This is an open access article distributed in accordance with the Creative Commons Attribution Non Commercial (CC BY-NC 4.0) license, which permits others to distribute, remix, adapt, build upon this work non-commercially, and license their derivative works on different terms, provided the original work is properly cited, appropriate credit is given, any changes made indicated, and the use is non-commercial. See: http://creativecommons.org/licenses/by-nc/4.0/.
Statistics from Altmetric.com
If you wish to reuse any or all of this article please use the link below which will take you to the Copyright Clearance Center’s RightsLink service. You will be able to get a quick price and instant permission to reuse the content in many different ways.
STRENGTHS AND LIMITATIONS OF THIS STUDY
First validation study of an artificial intelligence (AI) model in a low-risk to intermediate-risk cohort without the use of any additional non-invasive or invasive tests.
The memetic pattern-based algorithm model uses many easily available variables like blood results, ECG parameters and history of the patient in an outpatient clinic setting.
This validation study, comparing an AI model with the pending risk scores, is performed in real-world data of patients in an outpatient setting.

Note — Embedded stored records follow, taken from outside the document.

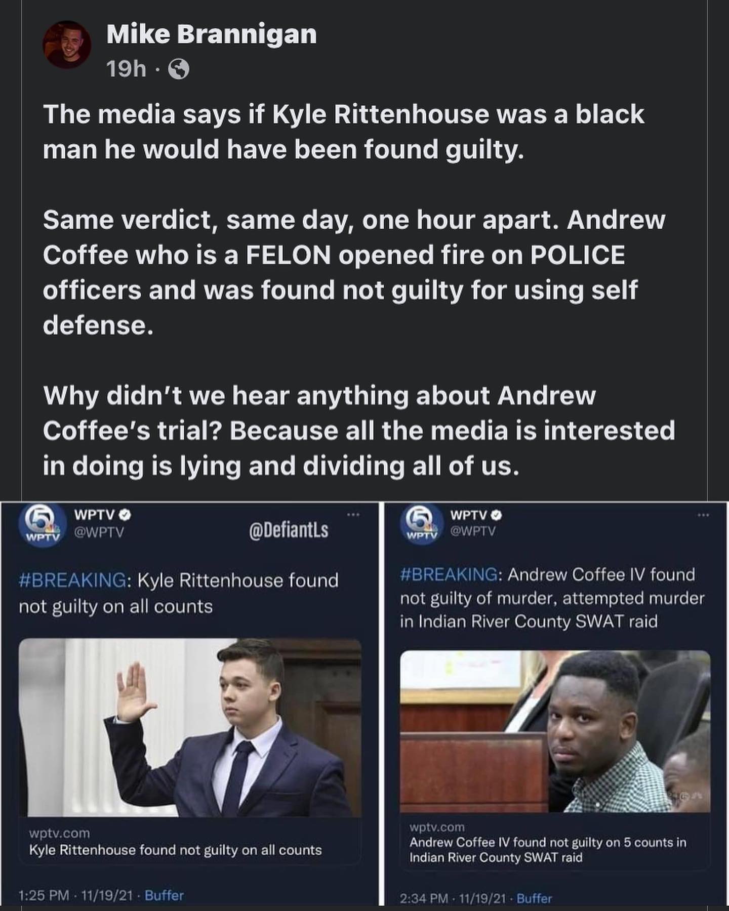 I agree with the Kyle Rittenhouse verdict and I agree with the Andrew Coffee IV verdict. Sandy Malone November 23 2021. Andrew Coffee IV found not guilty on all counts of murder attempted first degree murder.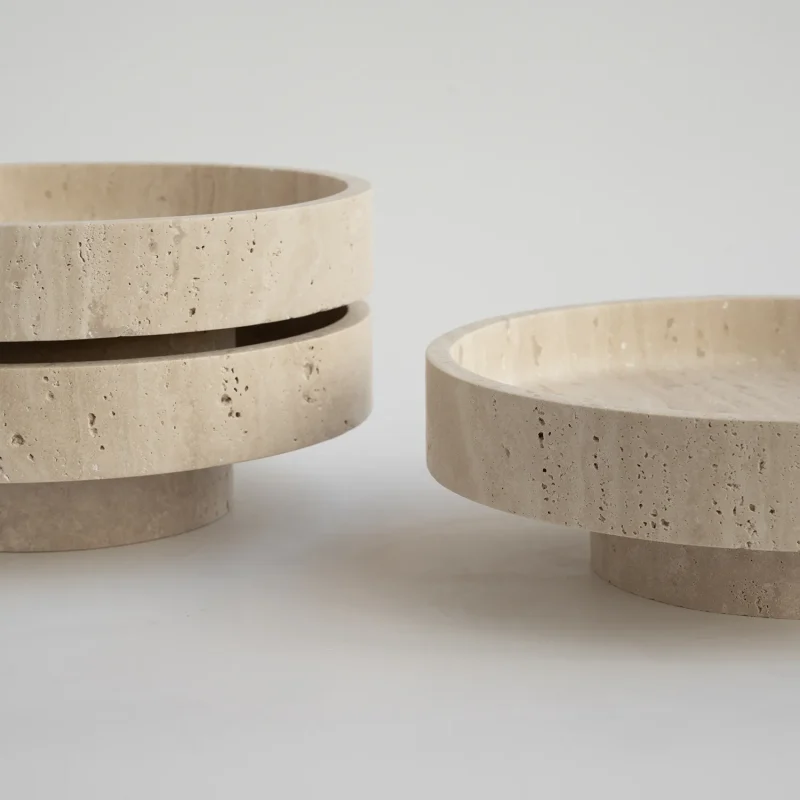 Introducing Cyclo by Kiwano Concept, a versatile and elegantly crafted bowl made from premium marble or travertine stone. Cyclo blends natural beauty with functional design, making it a perfect addition to any space in your home. Whether you use it in the kitchen as a stylish fruit bowl, in the bathroom as a luxurious vessel for soaps or towels, or as a decorative centerpiece in your living room, Cyclo adds a touch of sophistication and timeless charm.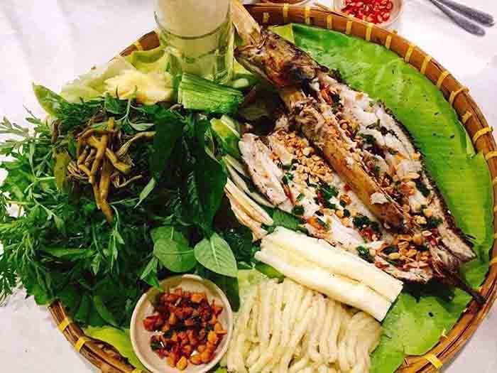 Mỗi con cá lóc nướng mía anh Đạt bán với giá 120.000 đồng kèm rau sống, bún, mắm nêm, bánh tráng để tiện cho khách ăn.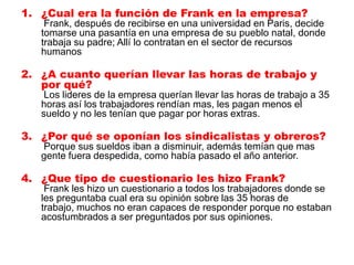 Frank trabajaba en el departamento de recursos humanos de una empresa. La dirección quería aumentar las horas de trabajo a 35 horas semanales para pagar menos sueldos y evitar horas extras, pero los sindicatos y obreros se oponían porque sus sueldos iba a disminuir y temían más despidos. Frank encuestó a los trabajadores sobre sus opiniones sobre la medida, aunque no estaban acostumbrados a ser consultados. La relación de Frank con su padre, también empleado, era débil debido a sus diferentes visiones sobre la empresa. Finalmente, los traba

Strength is the validation in a real-world data set of outpatient clinic patients, where risk stratification is most necessary.

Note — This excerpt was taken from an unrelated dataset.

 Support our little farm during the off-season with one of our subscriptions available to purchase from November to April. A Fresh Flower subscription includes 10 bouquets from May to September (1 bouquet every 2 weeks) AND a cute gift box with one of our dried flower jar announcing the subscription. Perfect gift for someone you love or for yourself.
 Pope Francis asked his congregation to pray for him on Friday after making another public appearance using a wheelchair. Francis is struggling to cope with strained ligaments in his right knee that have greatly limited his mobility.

Limitation is the absence of invasive coronary angiography in all patients because it was only performed in the cohort when clinically indicated in patients.
Coronary artery disease (CAD) is multifactorial, that is, influenced by multiple risk factors, environmental factors and genetic predisposition. Clinical presentation of CAD is diverse, making the diagnosis difficult. Predicting the likelihood of having CAD is important for clinical decision-making and to define the need for further testing.1 2 Incorporation of elements in addition to cardiovascular risk factors, like metabolic syndrome,3 plasma C reactive protein,4 coronary artery calcium, carotid intima-media thickness and ankle-brachial index, was partially successful in improving prediction of CAD.5 However, the true added value remains largely unclear.6 Moreover, some of them require additional diagnostic tools such as CT scan or high-resolution echography, which are costly, expose patients to radiation or are investigator dependent. These shortcomings resulted in a negative statement from the US Preventive Services Task Force in using these additional factors as screening tools for diagnosis of CAD.7
The guidelines in the USA recommend using the Diamond and Forrester (DF) score, while the European Society of Cardiology (ESC) guidelines use a pretest probability (PTP) score that is an extended score from the DF score,8 and in 2019 reupdated reviewing pooled analysis.9 Canadian and The National Institute for Health and Care Excellence (NICE) guidelines recommend using the Duke clinical score, estimating the probability of obstructive CAD defined as a coronary artery stenosis of >50% on coronary CT angiography (CCTA) or invasive coronary angiography (ICA).10 11 These scores, however, may result in an overestimate of the probability of CAD, especially in women, and accuracy is limited.8 12 An update from the American College of Cardiology/American Heart Association states using additional risk-enhancing factors to guide decisions, but beside a calcium score, it is not further specified in the present guidelines.13 The CAD consortium clinical (CAD2) model incorporates these risk factors to the risk score with a slightly better result compared with the PTP.12 14 However, this model needs caution when used in high-risk population.12 15 Recent analysis provided promising results for the use of multiple biomarkers in predicting the presence of CAD.16 However, the excellent accuracy of the model could not be confirmed in an independent cohort.17 In contrast, memetic pattern-based algorithm (MPA)-based artificial intelligence (AI) combines multiple methods rather than relying on a single statistical method. Based on general clinical parameters and routine laboratory results, it accurately predicted CAD in two independent high-risk cohorts and a simulated low-risk to intermediate-risk cohort.18 19 Validation in a real-life low-risk to intermediate-risk population, where a sensitive, non-invasive screening tool to exclude the presence of CAD is most important, is, however, lacking. Therefore, this study aims to apply and validate the BASEL/LURIC MPA18 19 model in a low-risk to intermediate-risk population referred by general practitioners (GPs) for cardiology evaluation of CAD.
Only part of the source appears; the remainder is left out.